Вести сегодня (Рига)
139 (882) 18.06.2002
Наталья СЕВИДОВА
Портрет художника
Гуляючи жарким полднем среди огородиков Дарзини, мы с коллегой
зашли в местный магазинчик типа сельпо купить водички. Оторвав
взгляд от прилавка с заветренными куриными крылышками и
шоколадными сырками и переместив его на боковую стену, мы
ахнули: из тяжелых багетовых рам на нас взирали писанные маслом
Богородица, Николай Угодник, юный Христос, портрет неизвестного
старика, церквушка с деревенского пейзажа... Причем в работах
явно чувствовалась рука мастера, а не мазилы-халтурщика.
Это что же у вас, продается? ошарашенно спросили мы у
продавщицы.
Продается, но дорого, меланхолично ответила она.
И покупают?!!
Покупают. Недавно один мужчина для каминного зала сразу три
картины купил.
А что за художник?
Владимир Никифорович Кудояр слыхали, наверное. Он у нас в
Дарзини живет. А картины нам повесил не столько для продажи,
сколько для красоты. Пусть, говорит, люди смотрят и
облагораживаются. Может, кто-то на пол бумажку постыдится
бросить.
Владимир Кудояр! О художнике, который расписывал
Христорождественский собор, об устроенном им на берегу Даугавы
парке не писал только ленивый. Но раз уж представился случай,
надо познакомиться.
Поплутав по линиям-улицам, разыскали нужный участок. В том, что
он принадлежит творческой натуре, не было сомнений. Соседние
сады прячутся за высокими оградами, иные для пущей
непроницаемости обложены рубероидом. И вдруг чудо! перед
прохожим предстает английский ландшафтный парк в миниатюре:
стройные березки посреди зарослей папоротника, гигантский валун
на изумрудном склоне, грот на берегу сонного пруда, нависающие
над водой желтые цветки лилейника...
Навстречу нам вышел хозяин. Этакий старичок-лесовичок. Седая
борода, защитная рубаха, обтрепанные рабочие брюки, спортивная
кепка. Владимир Никифорович, которого мы, кажется, разбудили, не
выказал ни удивления, ни раздражения по поводу явления нежданных
гостей. Вынес нам табуретки и усадил у входа в грот, в
прохладной полутьме которого светилось обнаженное женское тело
поясная копия Венеры Милосской.
Мы выражаем восторг рукотворной красоте. «Когда нарезали
участки, я нарочно попросил откос. Меня жалели: придется, мол,
бульдозер нанимать и выравнивать». Ничего ровнять он не стал.
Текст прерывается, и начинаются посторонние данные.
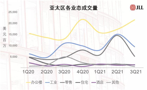 前三季度亞太區(qū)商業(yè)地產(chǎn)投資交易額達(dá)1250億美元,較去年同期增長(zhǎng)30%,其中第三季度投資交易額為395億美元,同比增長(zhǎng)10%;但由于多個(gè)國(guó)家地區(qū)仍然受到疫情后復(fù)蘇受阻等因素影響,第三季度環(huán)比下降23%。
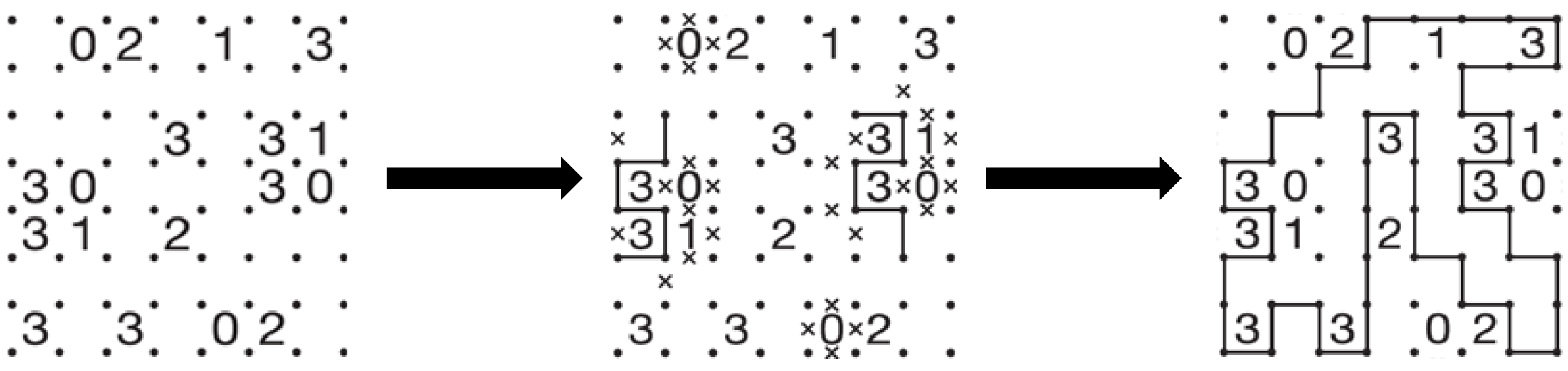 Nikoli. "Slitherlink.” https://www.nikoli.co.jp/en/puzzles/slitherlink/ ↩︎ ↩︎

Человек, лишенный воображения, не видит гармонии естественных
линий. А художник добавит несколько штрихов и она откроется во
всем блеске.
Страсть создавать пленительные ландшафты Владимир Никифорович
унаследовал от отца-садовника. «Что с двух до пяти в тебе
посеяно, то через годы прорастет», философски изрекает он.
Мы щуримся от солнечных бликов на воде, в которой дерутся за
хлебные крошки карасики. Владимир Никифорович крошит им белую
булку, потом закуривает и вздыхает, но не горестно: «У меня тут
еще были декоративные оранжевые рыбки. Да всех переловили».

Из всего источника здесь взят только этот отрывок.